Right now, there are many things I would like to adapt into my person and bring about some tangible changes, as well as in my personal being. But what if this change, which I keep dreaming of and my subconscious – or soul, if you may – keeps warning me about is too great, too far-reached for me. What if cowardice takes place; what if the change is so minor that I don’t even notice it, and hence, don’t get a chance to foster it. The fact that our souls are like proofs, and somewhat windows, to the life beyond is freaky, and especially unnecessary right now since all I can think of, and worry about, is the sodded change of direction my life is to take — that is if we were take dreams as seriously as that — which may or may not even take place soon, or at all for that matter!

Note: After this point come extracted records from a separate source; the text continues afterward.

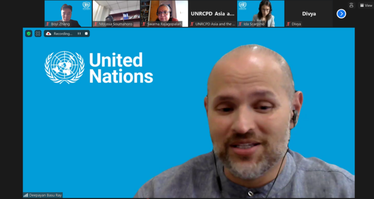 As the first speaker of the day, Mr. Boyi Zhang, Junior Project Advisor for Youth and Disarmament at UNRCPD, introduced the Secretary General’s Disarmament Agenda and Our Common Agenda, and provided participants with an introduction to the broad disarmament framework, and the work of the United Nations in promoting sustainable peace through disarmament, non-proliferation and arms control.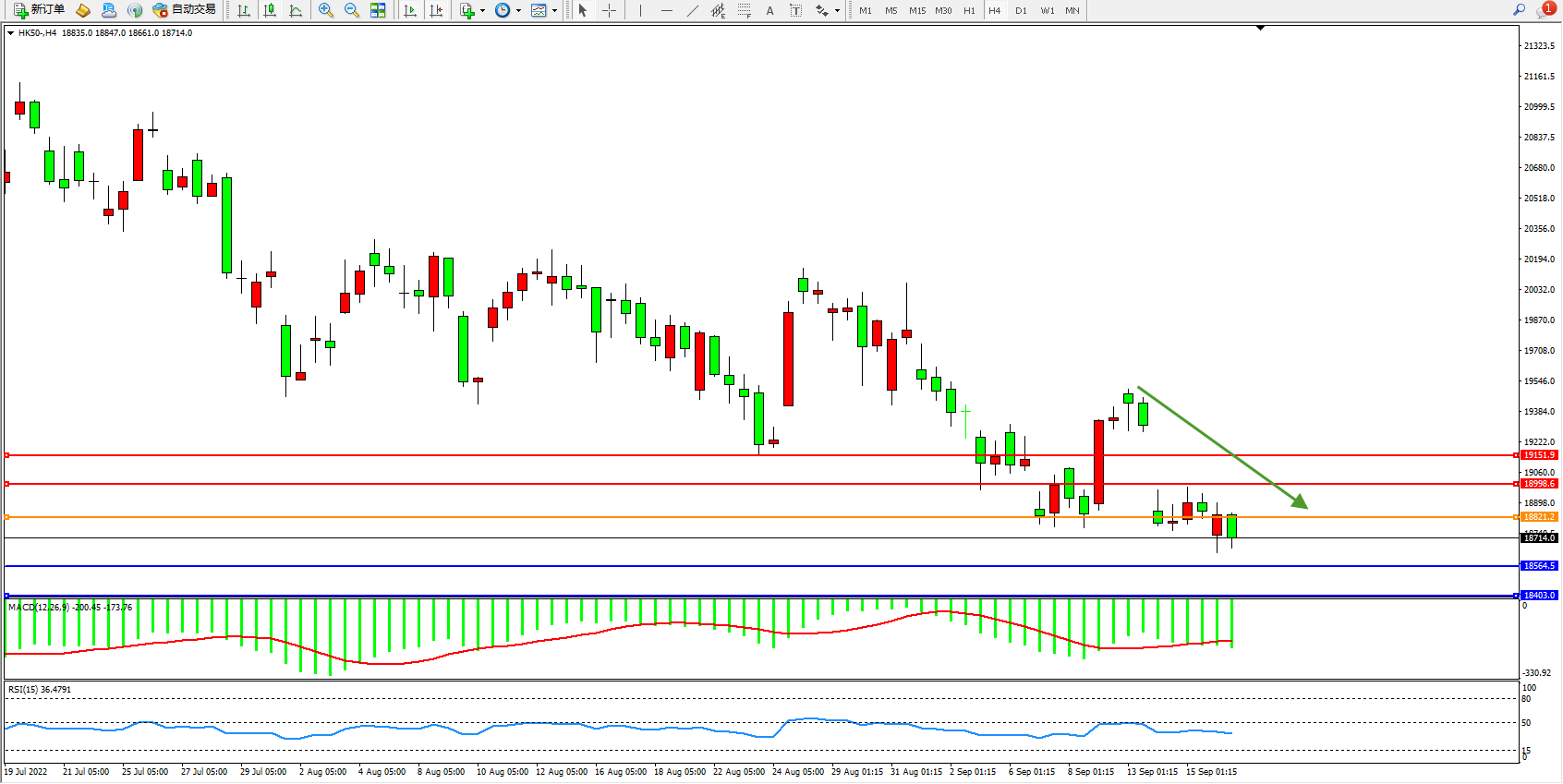 恒指HK50 4小时图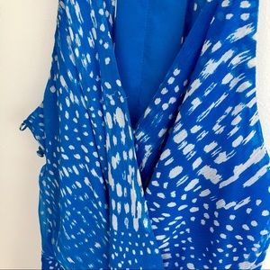 Size medium but tailored to fit a small.Completely lined and elastic band at the waist. Missing top button and small snag along bust line. Pictured. In good pre-loved condition!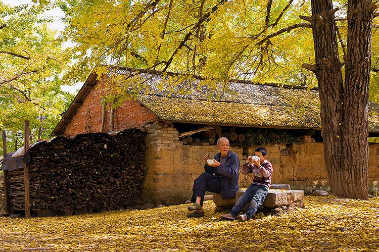 曾有人问我,幸福是什么模样?我想起了另外一张老照片,照片里一个老者和一个小孩正坐在银杏树下吃饭,小孩吃得山响,老者笑得灿烂,当那黄灿灿的银杏叶飘落下来时,老者对小孩说:“饭得一口一口吃,路得一步一步走,别太心急咯!”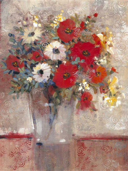 Classic Flowers I White Modern Wood Framed Art Print with Double Matting by Bay, Noah
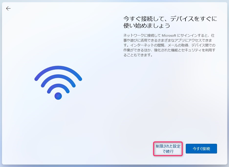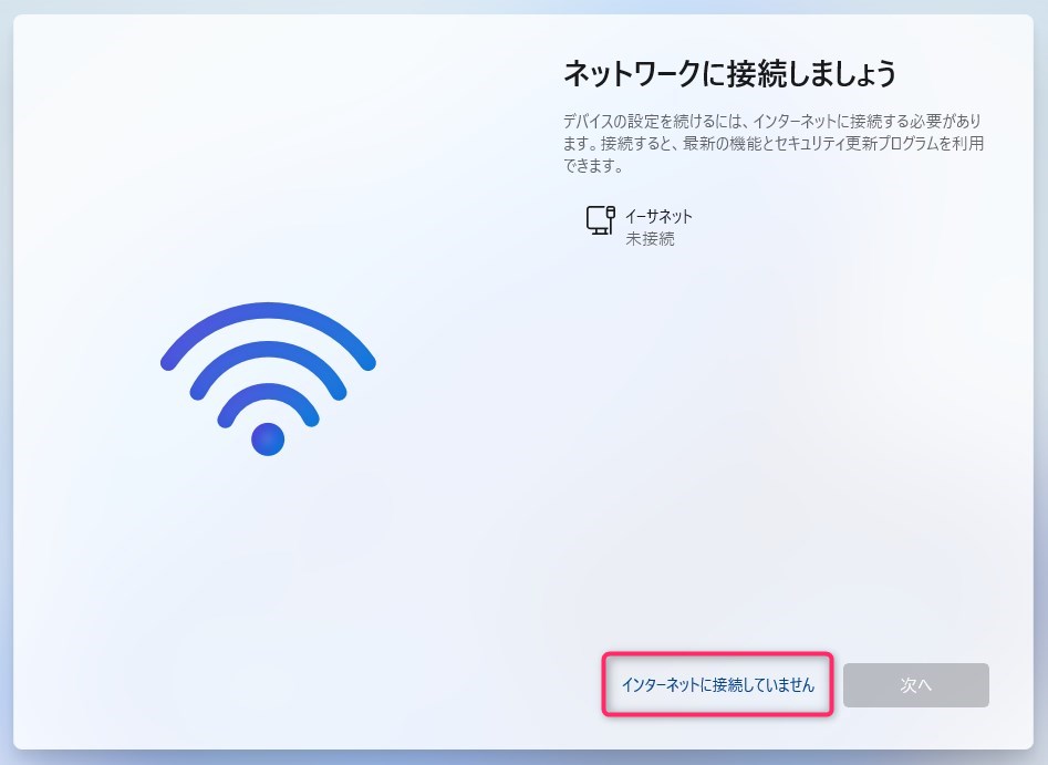 [インターネットに接続していません]を押して、オフラインでセットアップ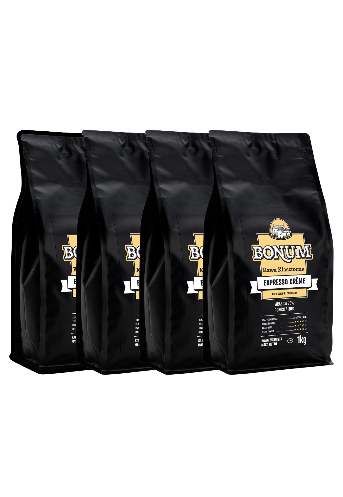 Zestaw 4 opakowań kawy Espresso Crème 1kg. Świeżo palona, wysyłka 24h (w dni robocze).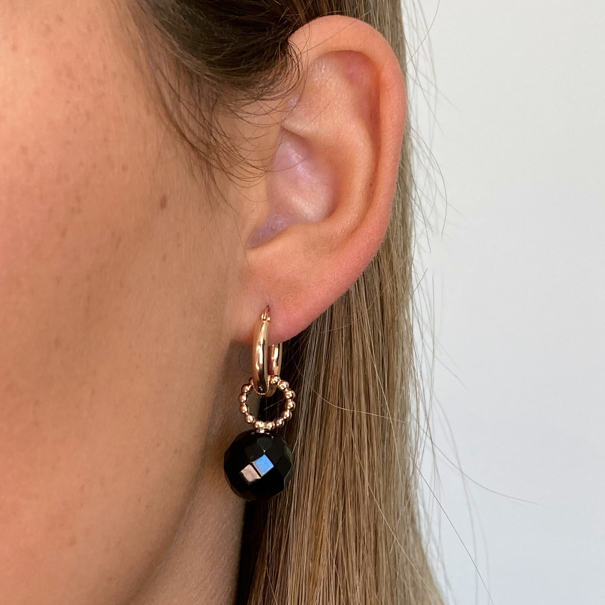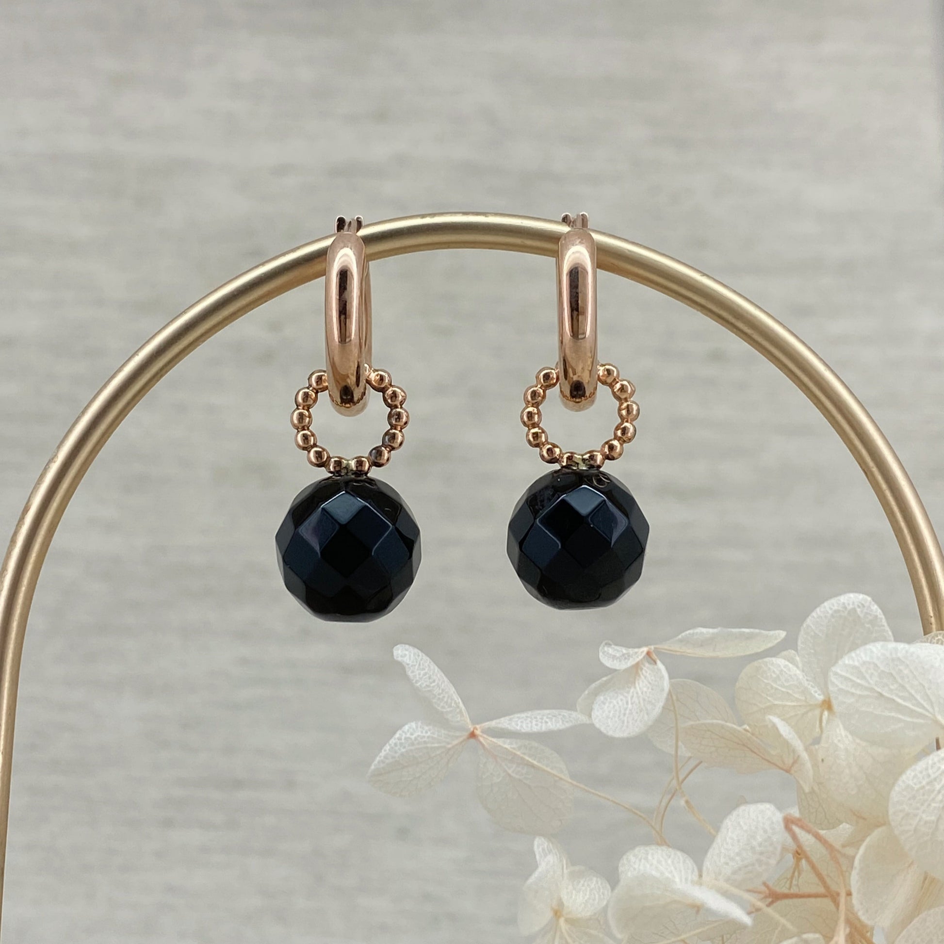 These elegant handmade earrings are crafted in 9ct rose gold and feature beautifully faceted onyx beads that catch the light with every movement. The design blends classic charm with a contemporary edge—smooth rose gold hoops suspend delicate beaded rings, each adorned with a lustrous black onyx drop.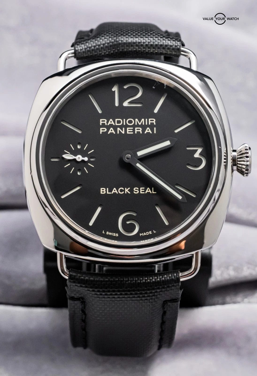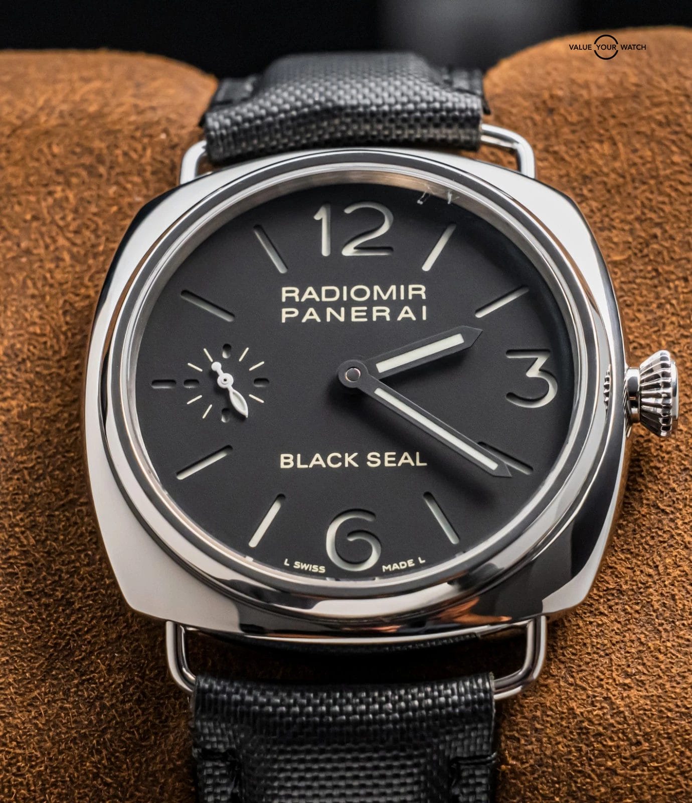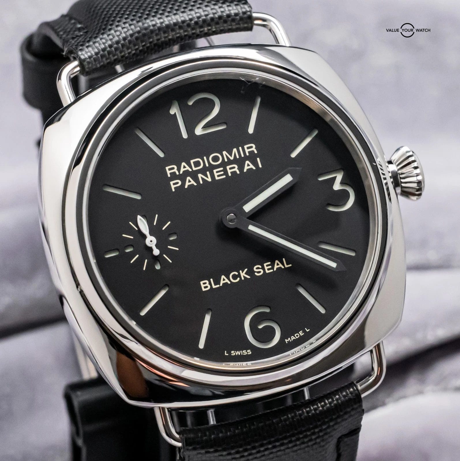STUNNING Panerai 183 Radiomir Black Seal 45 mm with Black Dial on Aftermarket Black Leather Strap & Clasp! Arrives as watch only and presents itself a fantastic value on the secondary market. Black Seal Radiomirs are very nice pieces on wrist, simple yet effective. Ready to be on wrist!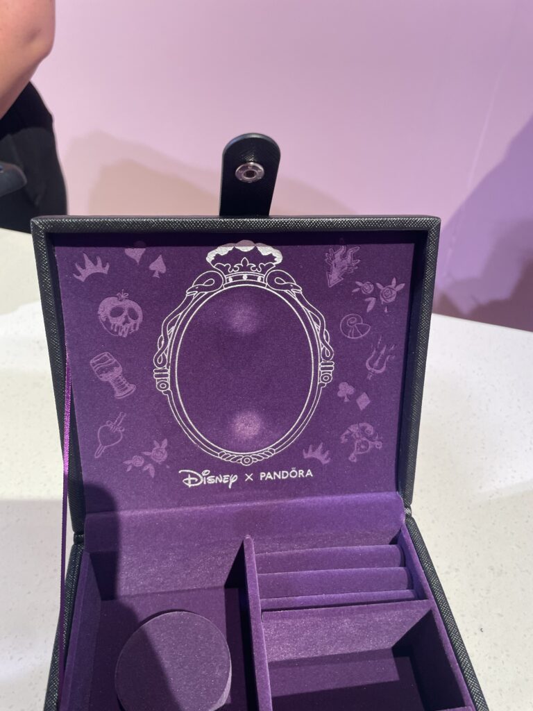 At the expo, if you purchase the 4 villain charms, you receive a limited edition jewelry box. With a black exterior, once you open it up, you’re greeted with a royal purple interior. The lid features a removable mirror, and shadowed outlines of the villains in the front boxes. This is the perfect travel case for your Pandora jewelry! If you’re not at the expo, no worries. Since this is an early release, there is hope for the jewelry box to release at the parks and online.

In this life, the unknown, and the [unquestionable] fear of it are somethings that everyone has to deal with everyday. Hell, we don’t even know if we are going to sleep through the night without any doubts of physical insecurities. Day in and day out the only thing we have under our control is our own decisions, whose reactions and effects are still unknown to us. Even if you worry every second of every day, all your life, you will still never ever know what is not known to you at the time. It will reveal itself in time – maybe even posthumously – depending on many, many things of which most will also be unknown to you. But that insecurity that something might go wrong, the unshakable feeling that you might not be successful, maybe your decision was not correct, will feed on your insides with no solutions or answers to replace that information retrieving void in the decision-making part of your brain. So you will always be functioning with some [very much] variable factors of the situation unknown to you, maybe even during the decision is in effect; it could also be that you never, in the duration of your life, earn awareness of the millions of events that had taken place (in total) when it came to the decision of that one single, maybe even small, question.

Enter faith, religion, and other, worthy beliefs.